SUPPLIED RECORDS:
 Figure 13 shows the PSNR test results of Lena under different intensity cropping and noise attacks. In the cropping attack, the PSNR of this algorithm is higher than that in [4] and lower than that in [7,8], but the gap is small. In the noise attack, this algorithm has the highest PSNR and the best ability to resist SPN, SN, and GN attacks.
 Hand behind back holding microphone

---

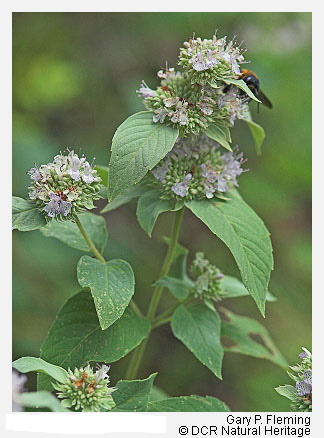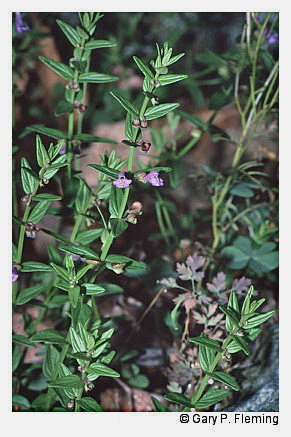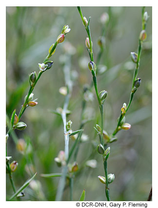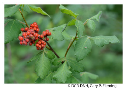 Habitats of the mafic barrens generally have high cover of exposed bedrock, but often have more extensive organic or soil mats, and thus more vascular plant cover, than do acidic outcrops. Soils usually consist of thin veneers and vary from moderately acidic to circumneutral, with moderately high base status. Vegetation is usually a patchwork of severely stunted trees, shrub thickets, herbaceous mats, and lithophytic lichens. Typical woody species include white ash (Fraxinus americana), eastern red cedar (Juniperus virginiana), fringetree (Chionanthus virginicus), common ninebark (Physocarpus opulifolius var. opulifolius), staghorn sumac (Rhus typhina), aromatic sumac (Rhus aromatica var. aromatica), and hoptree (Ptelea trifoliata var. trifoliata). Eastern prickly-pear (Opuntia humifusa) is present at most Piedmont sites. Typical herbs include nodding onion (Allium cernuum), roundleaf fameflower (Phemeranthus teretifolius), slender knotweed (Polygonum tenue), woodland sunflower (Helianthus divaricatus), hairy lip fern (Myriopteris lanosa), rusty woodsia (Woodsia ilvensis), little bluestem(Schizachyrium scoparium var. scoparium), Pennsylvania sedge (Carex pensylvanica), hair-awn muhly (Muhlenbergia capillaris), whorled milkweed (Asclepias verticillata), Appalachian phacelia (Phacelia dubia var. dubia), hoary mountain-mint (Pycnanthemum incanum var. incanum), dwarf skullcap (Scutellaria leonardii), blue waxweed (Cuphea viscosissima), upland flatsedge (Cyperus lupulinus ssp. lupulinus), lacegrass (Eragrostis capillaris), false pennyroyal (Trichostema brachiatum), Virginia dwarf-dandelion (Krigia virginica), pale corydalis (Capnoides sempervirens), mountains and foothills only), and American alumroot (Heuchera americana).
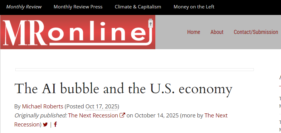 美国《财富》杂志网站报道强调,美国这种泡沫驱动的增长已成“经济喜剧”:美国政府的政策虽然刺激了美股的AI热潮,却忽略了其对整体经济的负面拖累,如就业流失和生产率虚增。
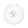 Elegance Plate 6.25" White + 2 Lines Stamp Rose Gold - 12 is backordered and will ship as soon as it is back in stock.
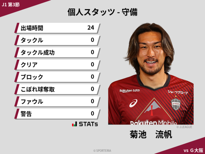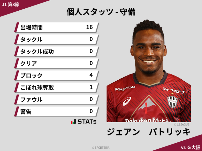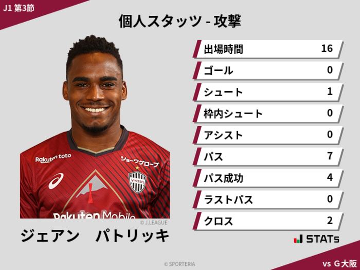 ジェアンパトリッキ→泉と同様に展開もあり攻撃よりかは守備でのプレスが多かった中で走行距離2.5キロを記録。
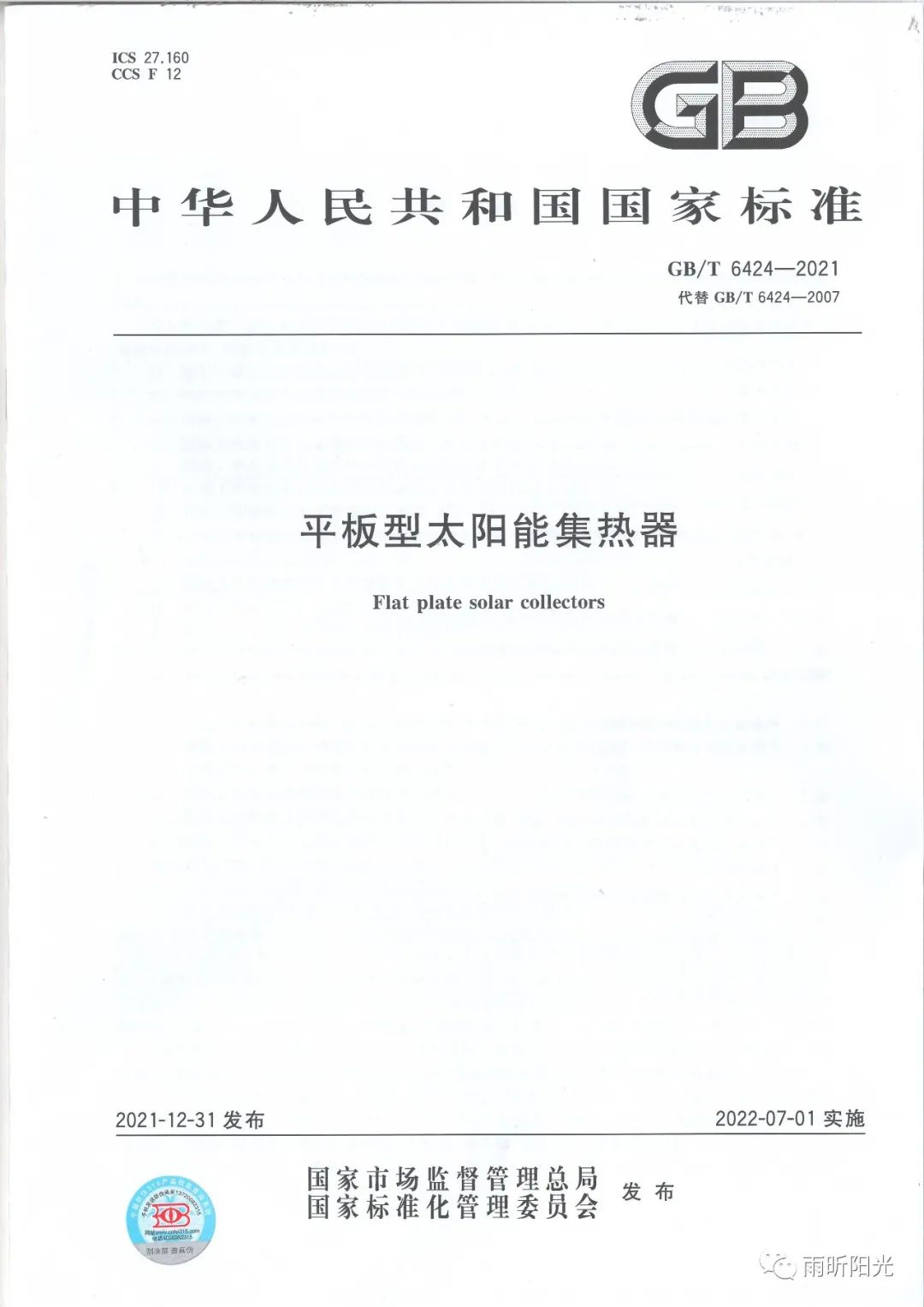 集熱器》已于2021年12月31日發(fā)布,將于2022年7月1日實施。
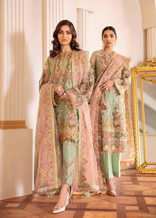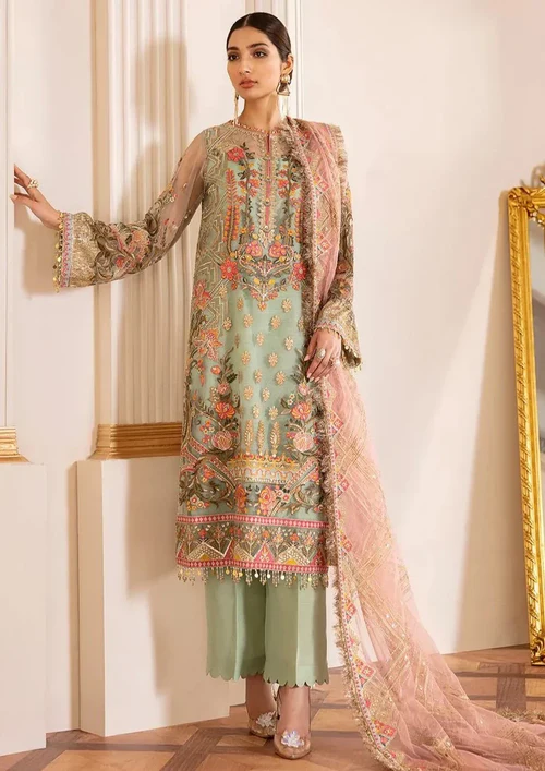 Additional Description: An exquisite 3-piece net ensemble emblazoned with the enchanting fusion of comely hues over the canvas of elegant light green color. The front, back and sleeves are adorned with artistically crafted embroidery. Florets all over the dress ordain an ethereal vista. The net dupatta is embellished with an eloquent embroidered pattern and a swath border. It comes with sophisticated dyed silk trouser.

==

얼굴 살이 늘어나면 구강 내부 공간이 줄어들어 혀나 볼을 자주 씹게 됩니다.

WHAT THE TASK REQUIRES: Beginning with the line above that contains "ジェアンパトリッキ→泉と同様" and ending with the line that contains "Additional Description: An exquisite", quote each line exactly, keeping out the pictures.

RESULT:
 ジェアンパトリッキ→泉と同様に展開もあり攻撃よりかは守備でのプレスが多かった中で走行距離2.5キロを記録。
 集熱器》已于2021年12月31日發(fā)布,將于2022年7月1日實施。
 Additional Description: An exquisite 3-piece net ensemble emblazoned with the enchanting fusion of comely hues over the canvas of elegant light green color. The front, back and sleeves are adorned with artistically crafted embroidery. Florets all over the dress ordain an ethereal vista. The net dupatta is embellished with an eloquent embroidered pattern and a swath border. It comes with sophisticated dyed silk trouser.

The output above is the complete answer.